Nory's Great Chicken Milanesa
Spent most of last week in Dallas, where I only had to eat once to match my needed calories for the week by gorging on a chicken-fried steak (my Facebook status update after the momentous event: "Gustavo Arellano ate chicken-fried steak in Dallas yesterday. Mmm...breaded-beef-smothered-in-gravy-on-top-of-mashed-potatoes-with-creamed-corn bliss..."). I hadn't had breaded meat so exquisite since the last time I visited Paul's Coffee Shop in Fountain Valley for their chicken-fried chicken...and then I visited Nory's in Anaheim again to eat their chicken a la milanesa.
Nory's is a much-written standard in these pages, it's three outposts (in Anaheim, Stanton, and Lake Forest) lords over the county's Peruvian food scene.
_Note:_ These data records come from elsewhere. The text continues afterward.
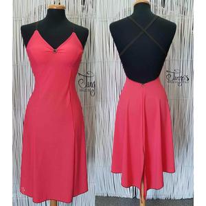 Abito realizzato in morbida maglina elasticizzata nera, scollo a barca e profonda scollatura posteriore. Piccola piega baciata sul finale. Abito elegante adatto per il ballo e per le uscite serali.
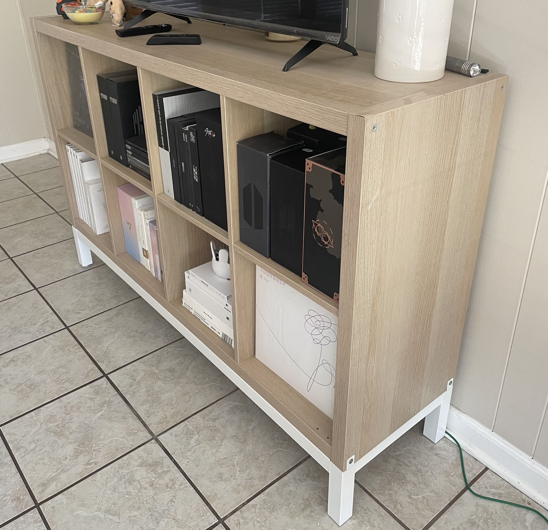 Porch pick up at Green Trail Dr Houston Tx 77038 on Veterans Memorial near beltway and 249 KALLAX book shelf Shelf unit, white stained oak effect, 30 1/8x57 5/8” BASE INCLUDED Kallax base Base on legs, white, 57 1/2x15 3/8x7 1/8 " Can be displayed vertically or horizontally. Gently used. ONLY THE BOOKSHELF AND BASE IS BEING ADVERTISED. THE ALBUMS, DECOR, AND TECH ARE INCLUDED FOR SALE The last two pictures are visuals on how you can position this item
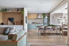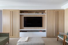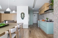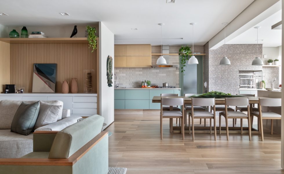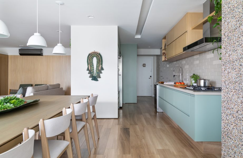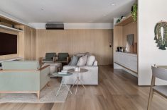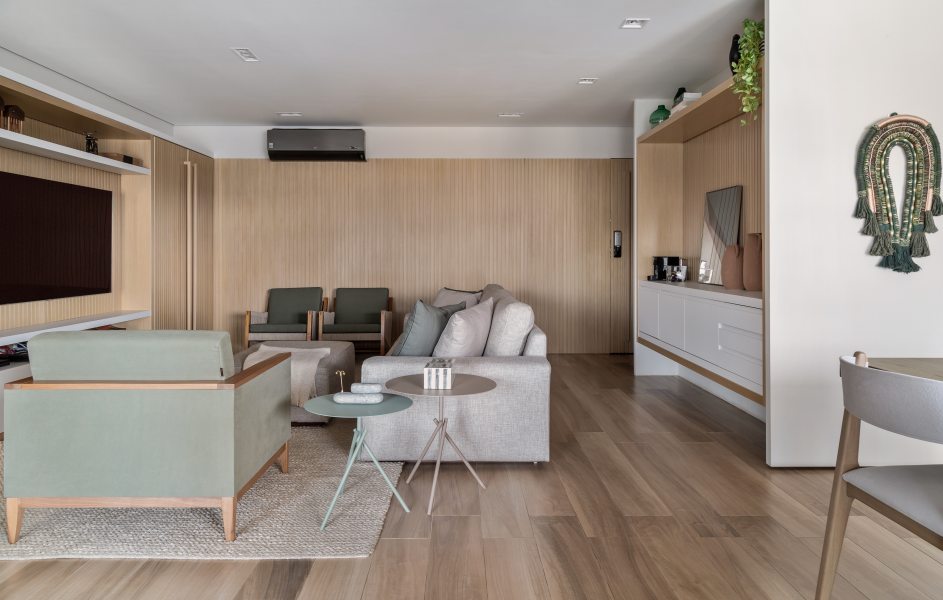 Ao entrar no apartamento, moradores e visitantes são recebidos pela madeira ripada que abraça boa parte da sala. Além da textura contemporânea, sua presença camufla a existência dos armários que recebem louças e outros itens que atendem as salas e a cozinha. A integração área social não foi prejudicada pela setorização visual dos diversos espaços: de um lado, o espaço de TV é definido pela composição de sofás, poltronas e tapetes e, logo atrás, o cantinho do café com um prático móvel desenhado pela arquiteta separa a sala da cozinha.
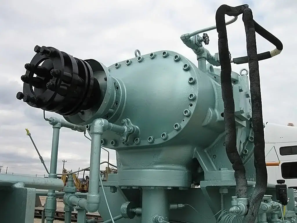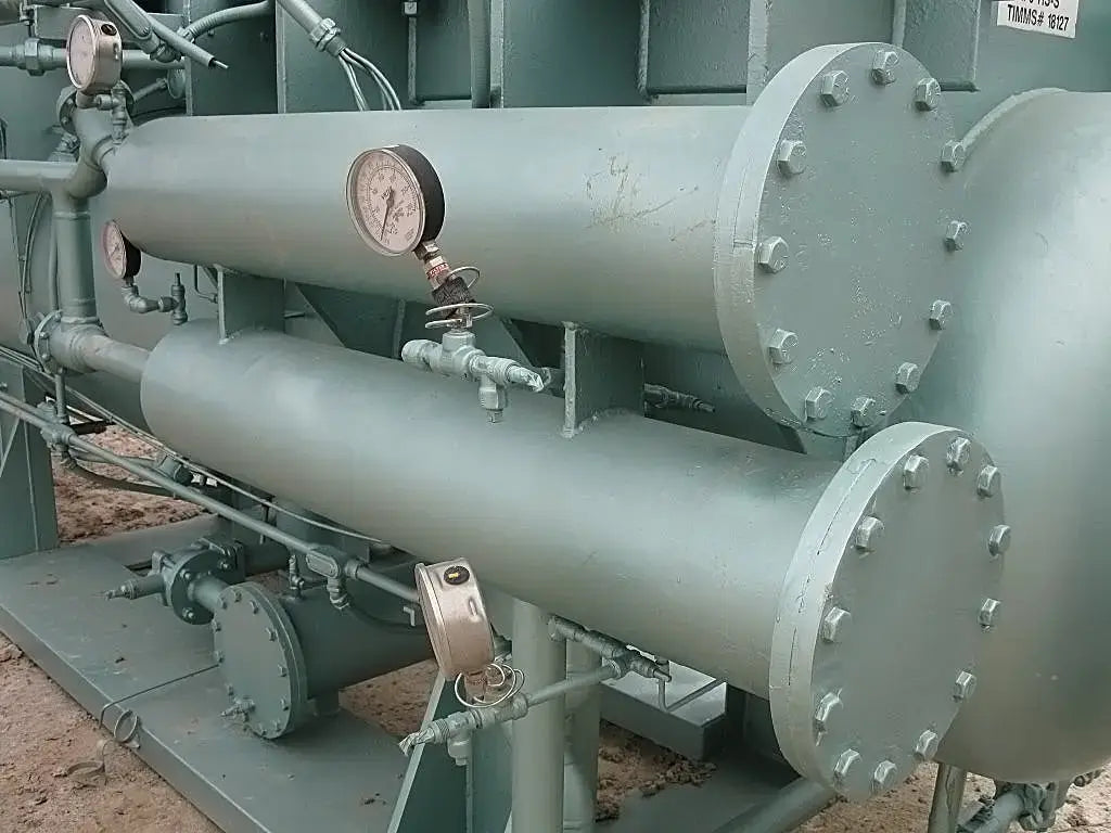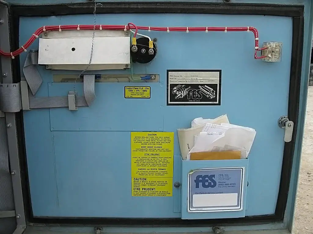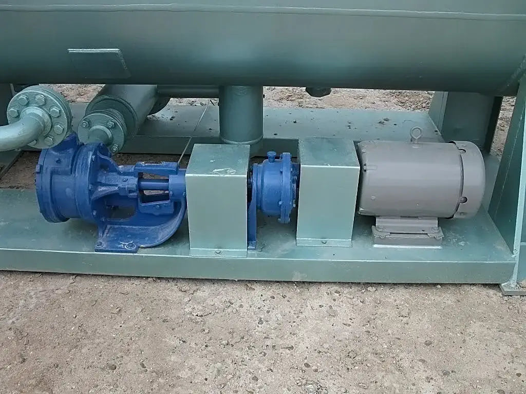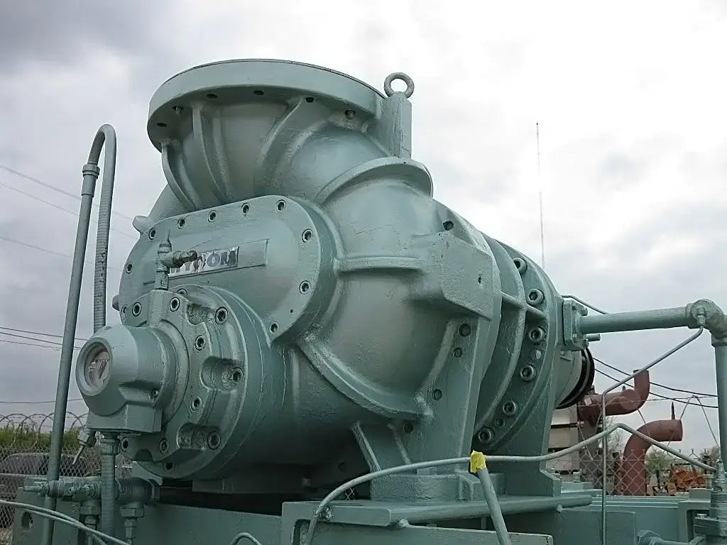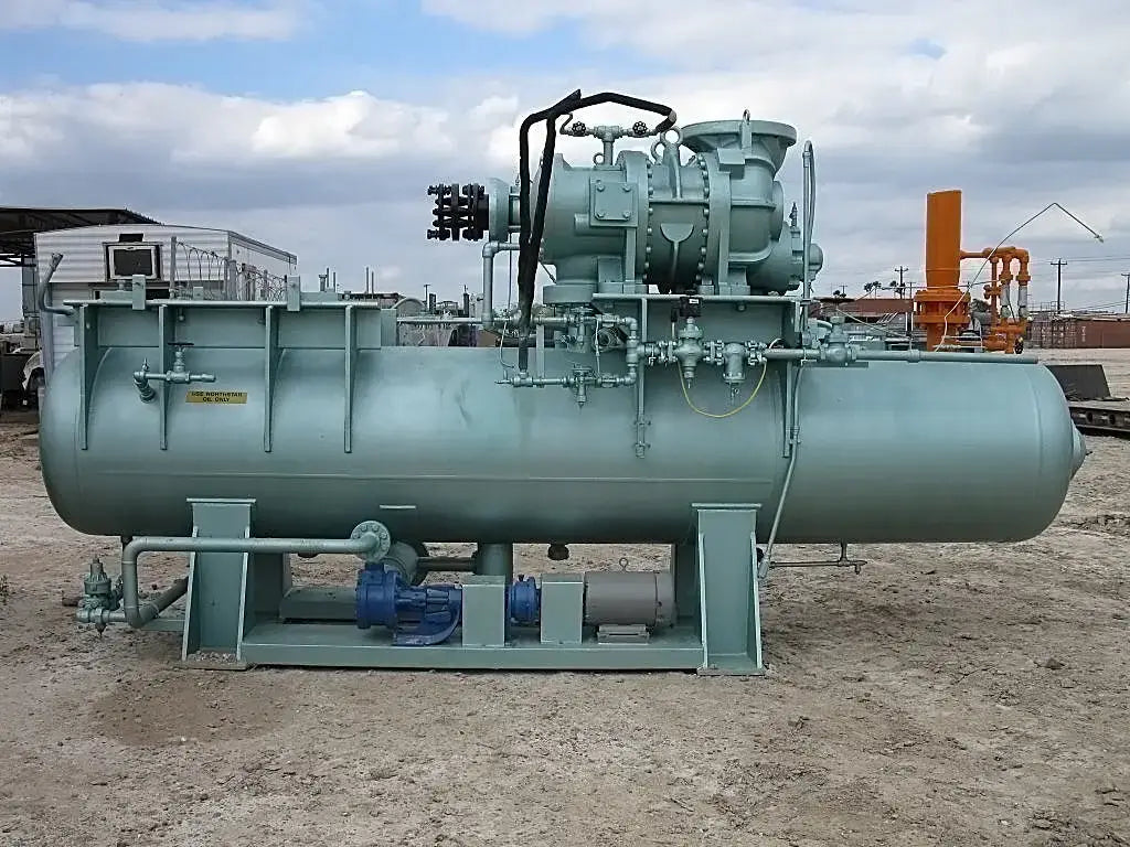 1993 Paquete de compresor de tornillo rotativo FES 775 / Mycom 320SU. Modelo: 775/320SU. Refrigerante R-717. Separador de aceite FES 1993, MAWP: 250 psi a 200 °F, MDMT: -20 °F a 250 psi. Panel de control FES Micro II E. Compresor de tornillo rotativo Mycom, Modelo: 320SU. Configuración Vi: 3.6. Desplazamiento: 2236 cfm. Capacidad nominal: 825 toneladas a 936,2 bhp con una temperatura de condensación de 95ºF y una temperatura de succión de 20ºF. Dimensiones totales: 16 pies 1 pulgada de largo x 5 pies 9 pulgadas de ancho x 10 pies de alto. Tiempo de funcionamiento del compresor: 31.119,6 horas. desde la reconstrucción de Mycom.(H4)(ACN1450).

I still prefer Picanteria Ariquepena El Misti for my Incan needs, but I stopped by the Nory's branch in Anaheim because I craved breaded meat. Their chicken milanesa was as epic as any Texan chicken-fried steak, but in a different scope: while the chicken-fried steak I had was huge and thick, Nory's version was pounded to the thinness of a magazine, which meant the cutlet spread to the size of--I kid you not--a Frisbee. The milanesa's crust shone like fried chicken but tasted like milk instead of lard; the poor bird, meanwhile, still retained good flavor but just couldn't compete with the breaded exterior's greatness. Wash it down with chicha morada. Repeat. Peruvian chicken milanesa ain't no chicken-fried steak, but at least Peru didn't inflict Dubya on us.